Providence, a gigantic non-profit health system with more than 50 hospitals in five Western states, describes itself as “steadfast in serving all, especially those who are poor and vulnerable.” According to a recent New York Times investigation, Providence has also preyed on those populations by using aggressive techniques to get payments from patients who should have been given free care. Those techniques, dubbed Rev-Up, were developed with the help of the consulting firm McKinsey, which the Times said was paid more than $45 million for its advice.

Now Providence is trying to repair the damage to its image. The Times reports that the health system is providing refunds to more than 700 low-income patients who were hounded into making payments for their care. Providence is not disclosing how much its is refunding, but the amount is likely to be a small fraction of what ruthless efforts such as Rev-Up brought in. A lawsuit filed by the Washington State Attorney General accuses Providence of improperly siccing debt collectors on more than 50,000 patients.

Failing to live up to its obligation to provide free care is just one of the ways in which Providence has acted as something less than a model non-profit institution. As documented in Violation Tracker, the health system has paid out more than $380 million in regulatory fines and class action settlements.

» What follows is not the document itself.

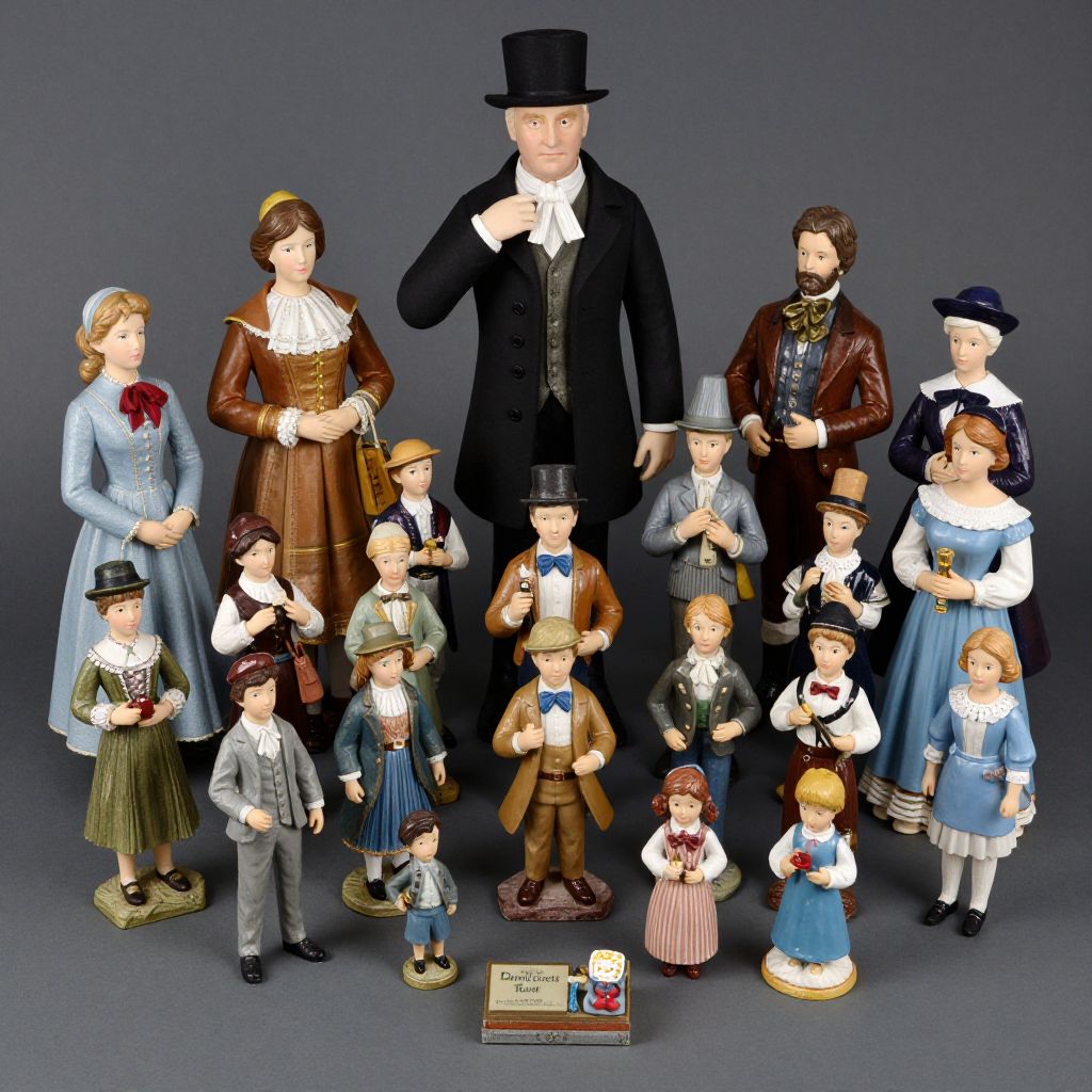 Photograph of detailed Victorian-era doll collection featuring 17 dolls in period clothing, including men in top hats and women in long dresses, standing against a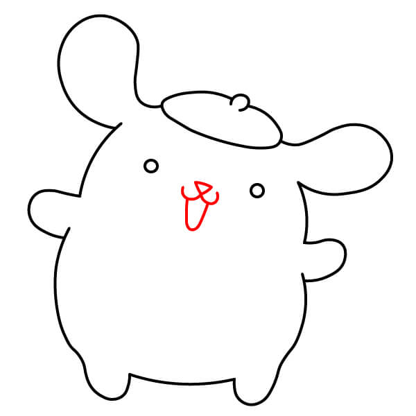 Dibuja dos líneas curvas en la parte frontal del cuerpo de Pompompurin, formando sus patas listas para sostener algo.

These include cases involving issues such as wage theft, workplace safety and privacy. It has paid out over $28 million in False Claims Act cases, which involve submitting fraudulent bills to federal programs such as Medicare. Providence’s biggest payouts have involved cases in which it was accused of mismanaging employee retirement plans.

Providence is just one of dozens of large non-profit health systems that show up in Violation Tracker with large penalty totals from multiple cases. The system that tops the list is California-based Sutter Health, which has racked up $749 million in penalties from 46 cases. The largest of these was a $575 million settlement with the California Attorney General and other parties, which accused Sutter of engaging in anti-competitive practices that drove up healthcare costs. Sutter has also paid $170 million in False Claims Act cases.

Apart from Providence and Sutter, about 20 other non-profit health systems have paid out at least $50 million in penalties. These include Trinity Health ($328 million), RWJBarnabas Health ($277 million) and Northwell Health ($208 million). About 120 others have paid at least $1 million.

Many of these penalties result from a preoccupation with the bottom line, which leads the health systems to cut corners on compliance, shortchange their employees and cheat the government. The non-profit hospital systems may not have shareholders, but they seek to generate ever-larger surpluses that can be used for building new facilities and buying up competitors. Expansion seems to be the ultimate goal.

Their behavior makes them increasingly indistinguishable from the giant for-profit health chains HCA and Tenet, each of which has well over $1 billion in penalties. The difference, of course, is that the public is subsidizing the non-profits by relieving them of the obligation to pay taxes. The time has come to force the giant hospital systems such as Providence to focus less on empire-building and more on their social obligations.